The University of Sheffield's Advanced Manufacturing Research Centre (AMRC) is a network of world-leading research and innovation centres working with advanced manufacturing companies around the globe to transform industrial and economic performance.
To support this objective, AMRC's machining group analyses a huge amount of data generated by the manufacturing process. But with some queries taking up to 12 minutes to run on the local database, it needed a better way to securely capture and process data.
Amido provided strategic guidance and engineering capabilities to help AMRC's Machining Group understand and deploy cloud-native technologies that would accelerate its innovation drive.
Amido's discovery phase saw us spend time on site to learn about the Machining Group's objectives, processes, challenges and future requirements. We discovered that monitoring was restricted to a LAN-attached PC and an on-premise data warehouse that couldn’t scale with the data acquisition.
As a result, we recommended securely transferring data to the Microsoft Azure Data Lake cloud service.
Moving the data from the manufacturing process into the cloud means it can be stored securely and then structured for analysis. The data can’t be intercepted in transit and it is immediately encrypted by Microsoft Azure.
Amido’s cloud-based solution was shown to be a wholesale replacement of the AMRC Machining Group’s previous telemetry data processing technology, providing the capability to capture, analyse and report on big data insights from across the entire factory floor for the first time.

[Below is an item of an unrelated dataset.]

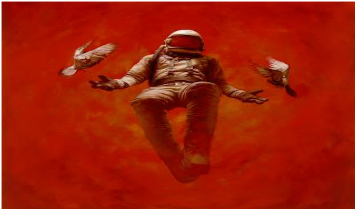
Obrázek 2: Hypostasis, Jeremy Geddes [44]

Data was structured for analysis and machine learning using Azure’s IoT Hub, Stream Analytics, Databricks (Spark), Data Lake Storage and PowerBI.

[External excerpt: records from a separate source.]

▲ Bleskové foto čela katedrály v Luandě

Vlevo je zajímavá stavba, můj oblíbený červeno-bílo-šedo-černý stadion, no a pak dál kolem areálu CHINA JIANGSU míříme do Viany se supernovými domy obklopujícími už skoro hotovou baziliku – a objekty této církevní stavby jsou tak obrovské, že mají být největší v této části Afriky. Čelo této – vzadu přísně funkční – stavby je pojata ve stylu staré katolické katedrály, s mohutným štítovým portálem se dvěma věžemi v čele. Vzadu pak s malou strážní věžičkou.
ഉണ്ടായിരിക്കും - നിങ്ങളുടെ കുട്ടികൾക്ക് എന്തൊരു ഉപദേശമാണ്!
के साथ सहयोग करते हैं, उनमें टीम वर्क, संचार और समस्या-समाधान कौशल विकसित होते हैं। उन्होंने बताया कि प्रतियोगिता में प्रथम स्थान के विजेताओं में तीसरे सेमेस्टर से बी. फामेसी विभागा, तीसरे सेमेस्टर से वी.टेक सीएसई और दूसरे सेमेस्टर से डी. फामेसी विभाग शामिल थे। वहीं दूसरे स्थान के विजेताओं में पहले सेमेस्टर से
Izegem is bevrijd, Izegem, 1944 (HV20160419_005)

The secure, scalable, cost-effective solution delivered stronger manufacturing process performance and machine tool diagnostics could predict maintenance of a machine tool or even prevent the failure of a part.
The solution allows the AMRC Machining Group to scale up and down in minutes, meeting demand while remaining cost-effective.
Machine learning can identify anomalies hidden in huge amounts of data that were previously overlooked, predicting machine tool maintenance requirements.
Microsoft Azure ensured data was secure both in transit and while being stored.